REQUIRED ACTION:
Note on the material below: return exactly the lines from the line that holds "2、使用卷尺工具拉出兩條參考線,用直線工具在矩形面上繪制如圖兩條線。" through the line that holds "在沉默纪元的世界里,超高爆率", and leave out each picture.

EXERCISE MATERIALS:
[Start of Attachment]

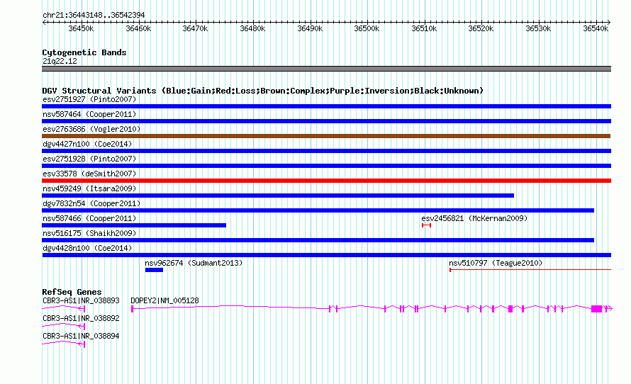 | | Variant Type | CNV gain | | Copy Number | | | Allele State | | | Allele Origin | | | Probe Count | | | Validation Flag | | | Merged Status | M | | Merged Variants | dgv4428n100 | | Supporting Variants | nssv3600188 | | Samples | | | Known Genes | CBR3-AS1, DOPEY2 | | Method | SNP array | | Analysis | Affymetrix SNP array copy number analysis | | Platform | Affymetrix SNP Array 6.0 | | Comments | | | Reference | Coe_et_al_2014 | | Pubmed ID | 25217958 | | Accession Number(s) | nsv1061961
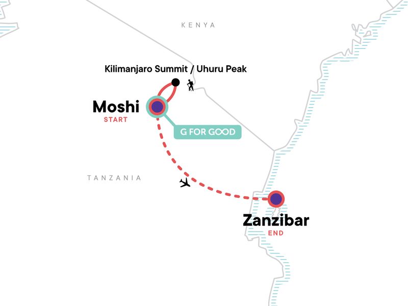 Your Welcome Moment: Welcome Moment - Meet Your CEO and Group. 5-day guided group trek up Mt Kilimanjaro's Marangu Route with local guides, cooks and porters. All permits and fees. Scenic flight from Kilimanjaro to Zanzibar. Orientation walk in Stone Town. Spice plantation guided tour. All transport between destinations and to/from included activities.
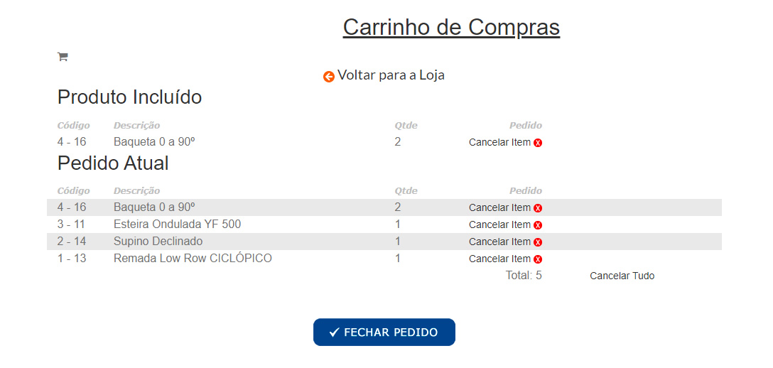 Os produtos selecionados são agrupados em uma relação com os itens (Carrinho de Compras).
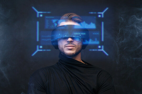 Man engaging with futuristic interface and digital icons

[End of Attachment]
[Start of Attachment]

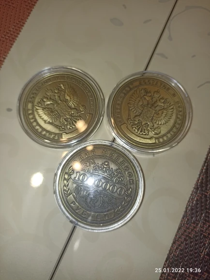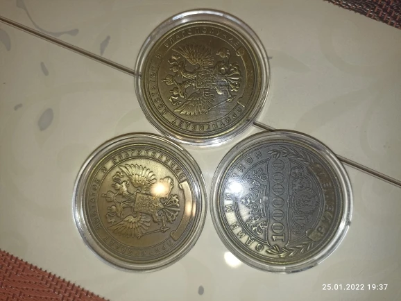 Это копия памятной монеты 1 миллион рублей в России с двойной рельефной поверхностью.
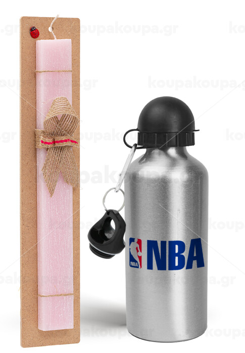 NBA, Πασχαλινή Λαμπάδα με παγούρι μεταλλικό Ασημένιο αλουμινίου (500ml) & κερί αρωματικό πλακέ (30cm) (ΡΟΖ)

[End of Attachment]
[Start of Attachment]

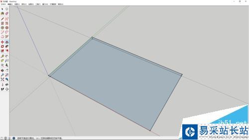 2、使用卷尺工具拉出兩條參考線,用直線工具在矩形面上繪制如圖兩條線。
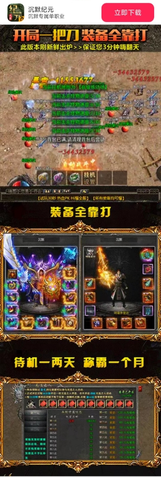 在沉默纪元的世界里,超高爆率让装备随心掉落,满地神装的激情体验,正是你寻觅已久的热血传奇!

[End of Attachment]

SOLUTION:
 2、使用卷尺工具拉出兩條參考線,用直線工具在矩形面上繪制如圖兩條線。
 在沉默纪元的世界里,超高爆率让装备随心掉落,满地神装的激情体验,正是你寻觅已久的热血传奇!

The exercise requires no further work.